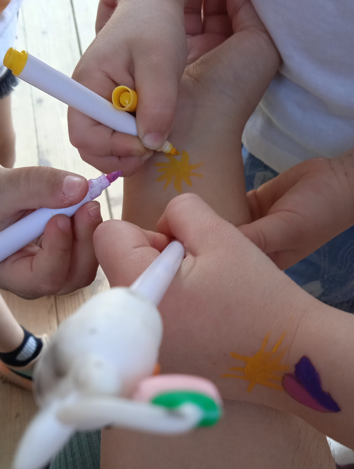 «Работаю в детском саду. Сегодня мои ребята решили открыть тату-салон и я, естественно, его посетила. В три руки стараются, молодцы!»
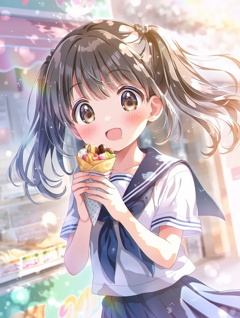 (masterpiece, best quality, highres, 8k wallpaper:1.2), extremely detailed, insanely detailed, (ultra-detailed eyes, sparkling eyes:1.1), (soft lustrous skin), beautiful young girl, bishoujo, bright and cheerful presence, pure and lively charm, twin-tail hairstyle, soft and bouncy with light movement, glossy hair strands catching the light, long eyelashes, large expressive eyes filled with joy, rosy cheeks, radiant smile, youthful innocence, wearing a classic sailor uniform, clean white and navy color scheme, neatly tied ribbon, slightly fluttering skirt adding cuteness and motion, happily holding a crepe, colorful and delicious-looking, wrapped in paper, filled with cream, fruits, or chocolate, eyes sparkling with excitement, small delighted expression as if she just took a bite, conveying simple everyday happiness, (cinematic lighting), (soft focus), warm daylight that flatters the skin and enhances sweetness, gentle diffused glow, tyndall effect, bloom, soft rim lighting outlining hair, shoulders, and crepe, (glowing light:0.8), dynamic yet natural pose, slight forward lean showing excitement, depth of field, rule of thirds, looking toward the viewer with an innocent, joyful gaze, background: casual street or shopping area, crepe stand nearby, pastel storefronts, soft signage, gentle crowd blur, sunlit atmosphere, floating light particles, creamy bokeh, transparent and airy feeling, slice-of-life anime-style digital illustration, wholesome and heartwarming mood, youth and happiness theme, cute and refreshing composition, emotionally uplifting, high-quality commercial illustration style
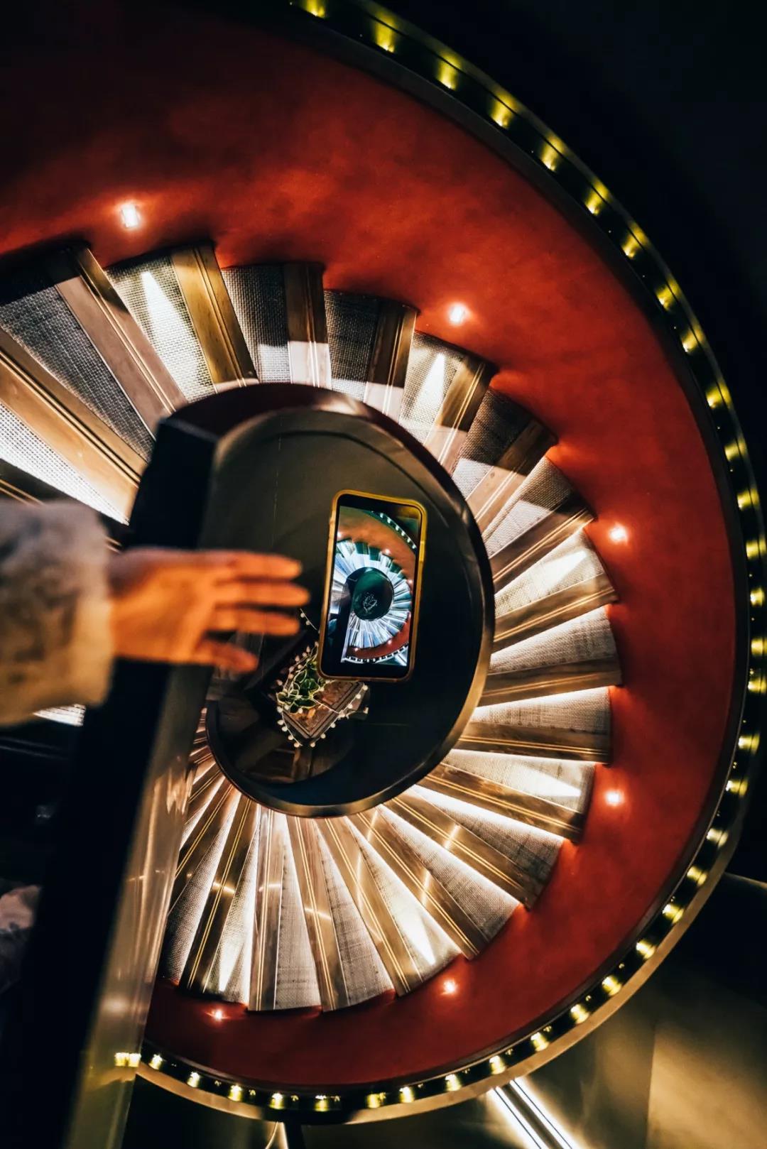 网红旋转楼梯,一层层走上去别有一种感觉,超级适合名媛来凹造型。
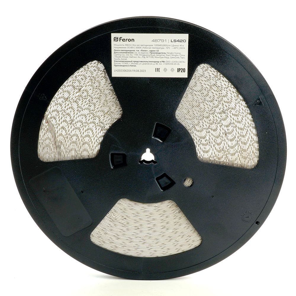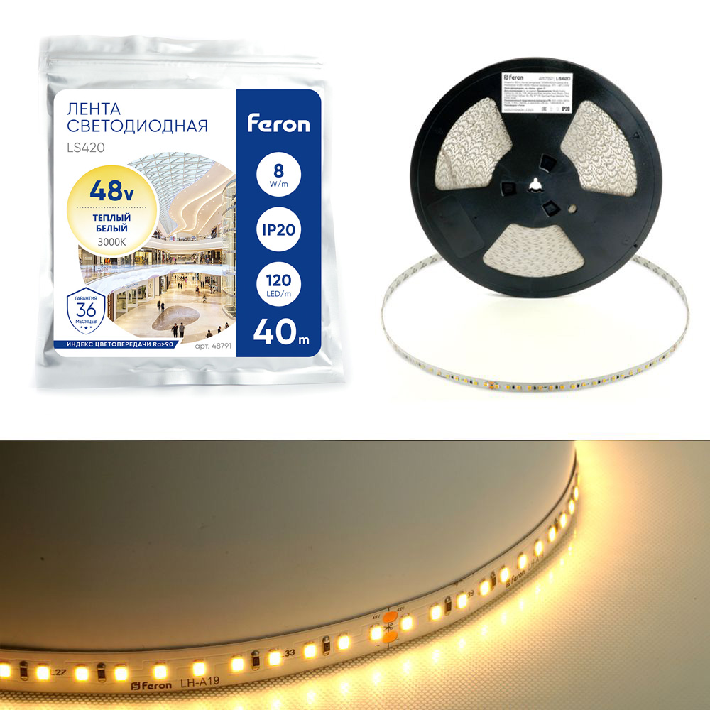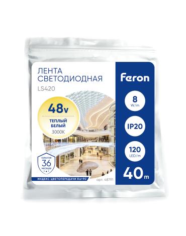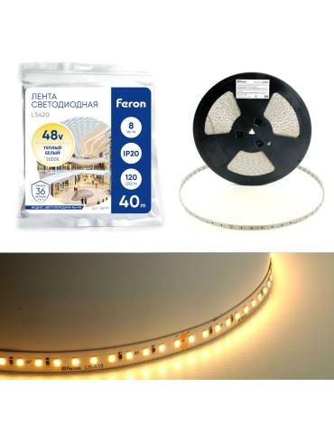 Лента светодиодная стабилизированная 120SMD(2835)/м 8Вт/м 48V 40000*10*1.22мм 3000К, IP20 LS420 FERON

Problem statement:
Could all the data above be given again exactly, leaving out its images?

Response to this exercise:
 «Работаю в детском саду. Сегодня мои ребята решили открыть тату-салон и я, естественно, его посетила. В три руки стараются, молодцы!»
 (masterpiece, best quality, highres, 8k wallpaper:1.2), extremely detailed, insanely detailed, (ultra-detailed eyes, sparkling eyes:1.1), (soft lustrous skin), beautiful young girl, bishoujo, bright and cheerful presence, pure and lively charm, twin-tail hairstyle, soft and bouncy with light movement, glossy hair strands catching the light, long eyelashes, large expressive eyes filled with joy, rosy cheeks, radiant smile, youthful innocence, wearing a classic sailor uniform, clean white and navy color scheme, neatly tied ribbon, slightly fluttering skirt adding cuteness and motion, happily holding a crepe, colorful and delicious-looking, wrapped in paper, filled with cream, fruits, or chocolate, eyes sparkling with excitement, small delighted expression as if she just took a bite, conveying simple everyday happiness, (cinematic lighting), (soft focus), warm daylight that flatters the skin and enhances sweetness, gentle diffused glow, tyndall effect, bloom, soft rim lighting outlining hair, shoulders, and crepe, (glowing light:0.8), dynamic yet natural pose, slight forward lean showing excitement, depth of field, rule of thirds, looking toward the viewer with an innocent, joyful gaze, background: casual street or shopping area, crepe stand nearby, pastel storefronts, soft signage, gentle crowd blur, sunlit atmosphere, floating light particles, creamy bokeh, transparent and airy feeling, slice-of-life anime-style digital illustration, wholesome and heartwarming mood, youth and happiness theme, cute and refreshing composition, emotionally uplifting, high-quality commercial illustration style
 网红旋转楼梯,一层层走上去别有一种感觉,超级适合名媛来凹造型。
 Лента светодиодная стабилизированная 120SMD(2835)/м 8Вт/м 48V 40000*10*1.22мм 3000К, IP20 LS420 FERON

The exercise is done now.